Diese Woche sollte in Kenias Hauptstadt eine große Gesprächsrunde stattfinden: zahlreiche kongolesische Milizen und Rebellengruppen sollen unter Mediation von Kenyatta mit ihrer Regierung verhandeln. Kongos Regierung weigert sich aber strikt, sich mit der M23 zusammenzusetzen. „Bis zum Abzug aus den besetzten Orten wird es keine Verhandlungen mit den Terroristen geben“, versichert Regierungssprecher Patrick Muyaya.
„Lasst uns den Krieg beenden und dann reden wir“, fordert Kenyatta nun die Konfliktparteien auf. „Wir können keinen Dialog führen und danach erst die Feindseligkeiten einstellen.“ Die Gespräche, die ursprünglich bereits im April geplant waren, wurden nun auf nächste Woche vertagt, auf den 21. November.
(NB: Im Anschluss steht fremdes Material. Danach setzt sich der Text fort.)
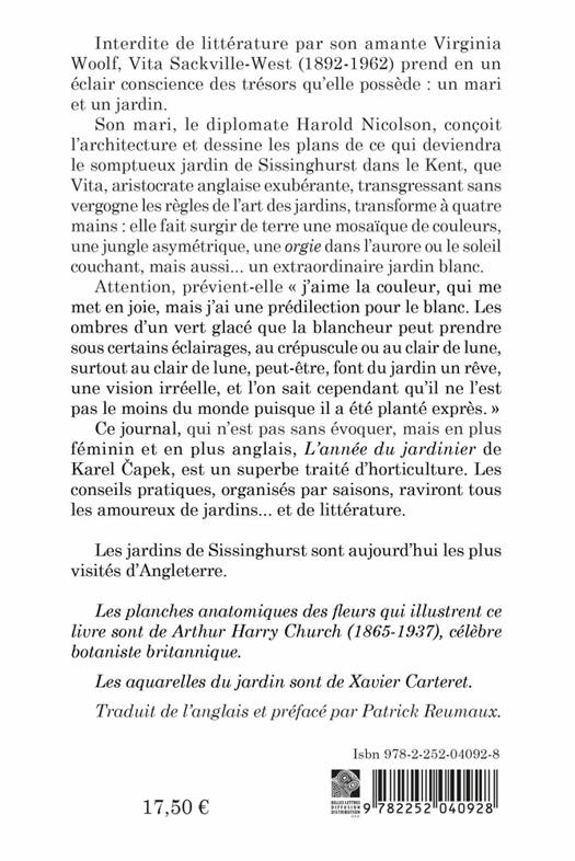 Interdite de litterature par son amante Virginia Woolf, Vita Sackville-West (1892-1962) prend en un eclair conscience des tresors qu'elle possede: un mari et un jardin. Son mari, le diplomate Harold Nicolson, concoit l'architecture et dessine les plans de ce qui deviendra le somptueux jardin de Sissinghurst dans le Kent, que Vita, aristocrate anglaise exuberante, transgressant sans vegrogne les regles de l'art des jardins, transforme a quatre mains: elle fait surgir de terre une mosaique de couleurs, une jungle asymetrique, une orgie dans l'aurore ou le soleil couchant, mais aussi...un extraordinaire jardin blanc. Attention, previent-elle "j'aime la couleur, qui me met en joie, mais j'ai une predilection pour le blanc. Les ombres d'un vert glace que la blancheur peut prendre sous certains eclairages, au crepuscule ou au clair de lune, surtout au clair de lune, peut-etre, font du jardin un reve, une vision irreelle, et l'on sait cependant qu'il ne l'est pas le moins du monde puisque il a ete plante expres. " Ce journal, qui n'est pas sans evoquer, mais en plus feminin et en plus anglais, L'annee du jardinier de Karel ?apek, est un superbe traite d'horticulture. Les conseils pratiques, organises par saison, raviront tous les amoureux de jardins...et de litterature. Les jardins de Sissinghurst sont aujourd'hui les plus visites d'Angleterre. Les planches anatomiques des fleurs qui illustrent ce livre sont de Arthur Harry Church (1865-1937), celebre botaniste britannique. Les aquarelles du jardin sont de Xavier Carteret. Traduit de l'anglais et preface par Patrick Reumaux.

Und auch beim G20-Treffen im indonesischen Bali ist der neue Kongokrieg ein Thema. US-Außenminister Antony Blinken traf dort am Dienstag Ruandas Außenminister Vincent Biruta. UN-Ermittler haben Beweise veröffentlicht, dass Ruanda die M23 militärisch unterstützt. „Ich habe die tiefe Besorgnis der Vereinigten Staaten über die anhaltende Gewalt im Osten der Demokratischen Republik Kongo unterstrichen“, so Blinken. Er habe Ruanda aufgefordert, „aktive Schritte zur Erleichterung der Deeskalation zu unternehmen“.